Bruscamente abrió el cajón de herramientas del mueble de entrada, agarró un destornillador y arremetió contra la bota. Estaba allí frente a mí, a contraluz, injuriándome sin parar, lo cual no dejaba de impactarme porque nadie, ni en mi infancia, me había regañado: para recriminarme, mis padres aplicaban algo mucho más sofisticado, un método que no hería con palabras sino con silencio. Me dolía más cuando no me dirigían la palabra, cuando me ignoraban. Al terminar, Emerenc se puso la bota bajo el brazo, era clara señal de llevársela; en cuanto a la espuela, que se había desprendido, la tiró sobre la mesa.

—Usted es ciega, y tonta, aparte de cobarde. —Enumeró mis defectos—. Yo no sé por qué la quiero, solo Dios lo sabe, pero que conste que no se lo merece… A lo mejor con la edad, cuando madure, entrará en razón, aprenderá a apreciar lo bonito y se armará un poco de valor.

Se marchó dejando la espuela en la mesa. Para evitar que la descubriera mi marido, que estaba a punto de llegar, la recogí. Al mirar la pieza de metal, oxidada y ennegrecida, vi un vivo destello de color rojo: era un granate incrustado en el centro de la espuela. Al limpiar los cachivaches a conciencia antes de llevarlos a mi casa, Emerenc debió de haberse percatado. El regalo, pues, no era la bota en sí, sino la piedra preciosa. Era una pieza perfecta, podía llevarla a un joyero y montar con ella una hermosa alhaja. Estaba allí, mirando el fulgor bermellón de la piedrecita, y una vez más me sentí avergonzada; un fuerte impulso casi me empuja a correr detrás de la vieja, pero me contuve y reflexioné: en definitiva, no debería consentir que ella manifestara sus sentimientos de forma tan desmesurada y brusca. Hacía falta que aprendiese a modularlos un poco más. Hoy en día sé algo que en esa época aún desconocía: que el cariño es una emoción desarticulada por excelencia, y por eso se resiste a ser dosificada con prudencia. Es inútil pretender regular cómo debe encauzar cada uno sus afectos: no hay fórmulas que valgan.
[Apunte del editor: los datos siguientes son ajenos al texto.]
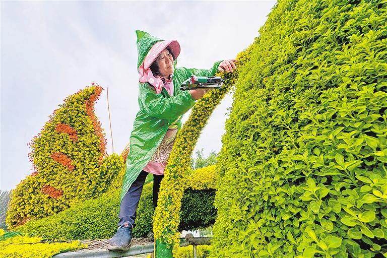 9月9日,銀川市綠化養(yǎng)護(hù)中心花卉基地,工作人員制作一座座造型獨(dú)特的綠雕。中秋、國(guó)慶“雙節(jié)”將至,銀川市園林部門(mén)將在城市主要干道、廣場(chǎng)公園展擺120萬(wàn)盆鮮花,這一抹抹亮色將為城市帶來(lái)無(wú)限活力和濃郁的節(jié)日氛圍。 記者 馬楠 王洋 攝
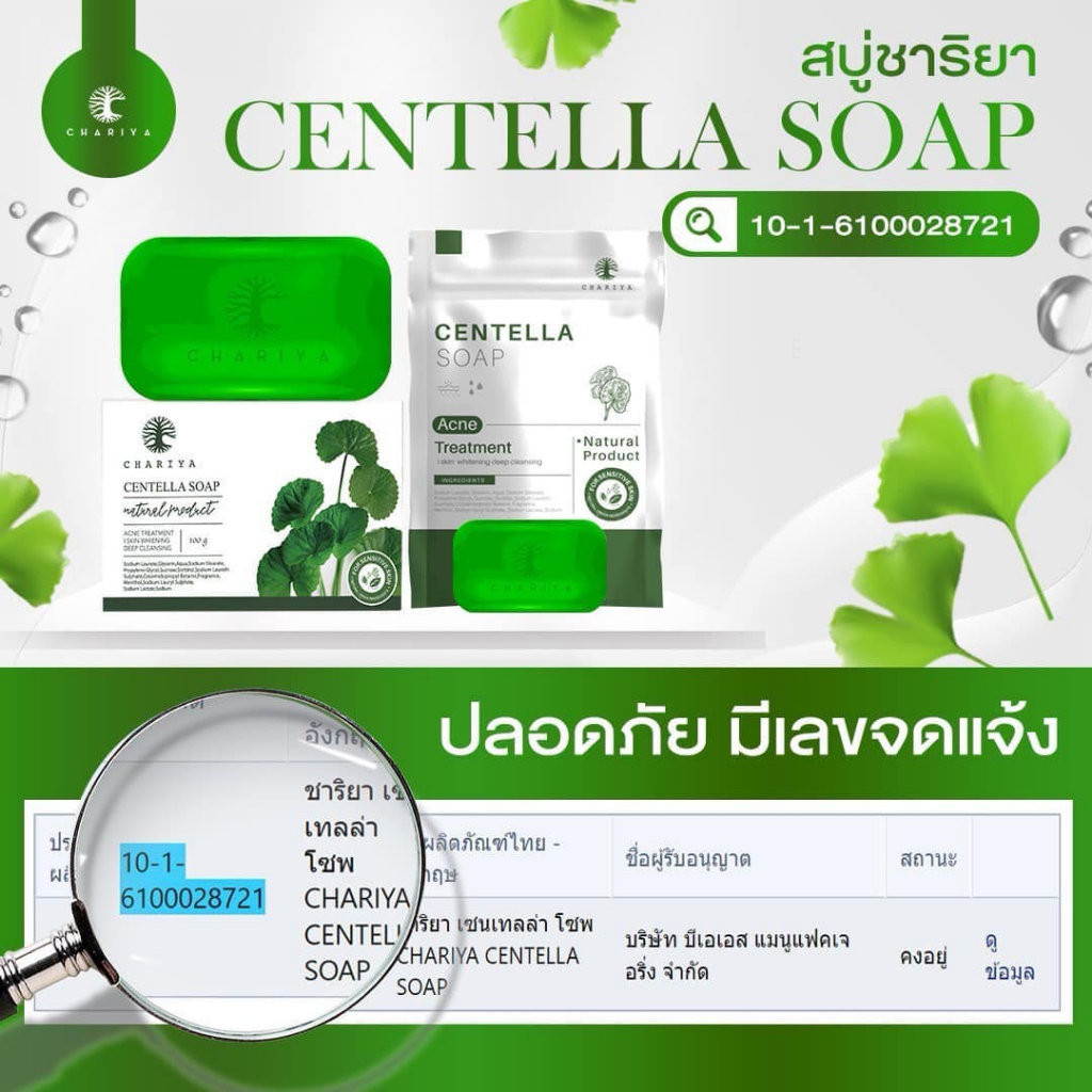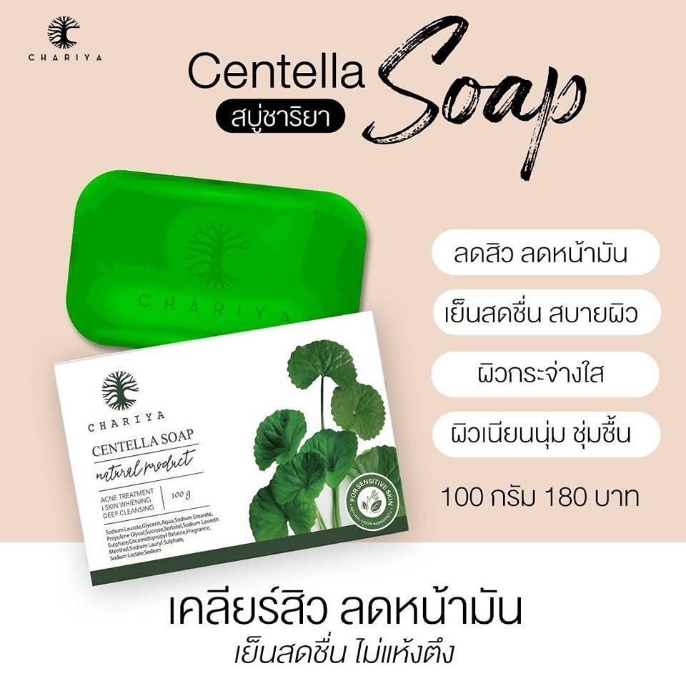 ชาริยา สบู่ใบบัวบกชาริยาของแท้100% ขนาด 100กรัม ก้อนใหญ่ ลดสิว กระชับรูขุมขน ผิวสุขภาพดี

Una vez serenado con el paseo, y con sus periódicos bajo el brazo, mi marido regresó. La casa estaba tranquila; la inspeccionó hasta el último rincón para comprobar si finalmente habían desaparecido todos esos cachivaches indeseables. La cocina le seguía pareciendo absurda, pero como ya tenía la mente más fría, aunque hubiese encontrado una ballena disecada, como la que colgaba del techo en la tienda de mis bisabuelos, le hubiera dado igual; sabía, además, que ese recinto, que era mi territorio, no tenía salvación posible: allí mi espíritu lúdico se explayaba reuniendo todo tipo de objetos imposibles. ¿Qué importaba entonces que en ese museo repleto de cosas extravagantes, como las que hacen los locos en las terapias curativas, hubiera un retrato de mujer con la mirada demente y un hervidor de agua que había pertenecido a un duque? Menos mal que el enano, resguardado a la sombra del fregadero, no había llegado a descubrirlo. Por fin volvía a reinar el silencio en casa; yo disfrutaba de esa paz sin darme cuenta de que era como la calma antes de una tormenta, que Viola, cabizbajo, presentía y anunciaba con su enervada conducta.

Al mediodía supe que me tocaba sacar a pasear al perro, pues Emerenc me tenía castigada y no se molestó en hacerlo. Bueno. Saqué a Viola a la calle, lo que él «agradeció» comportándose como un diablo. No podíamos ir por la alameda, donde las patrullas de policía hacían su ronda, y la acera estaba ocupada con los trastos viejos no retirados aún. Viola, alborotado en extremo y tirando violentamente de mí con la correa, merodeaba de aquí para allá olfateando y marcándolo todo con sus orines. En un momento dado divisé la figura de Emerenc, que recogía agachada una arquita decorada a mano, pero no le hice caso; fingí no haberla visto y volví a casa con el perro, que estaba como loco.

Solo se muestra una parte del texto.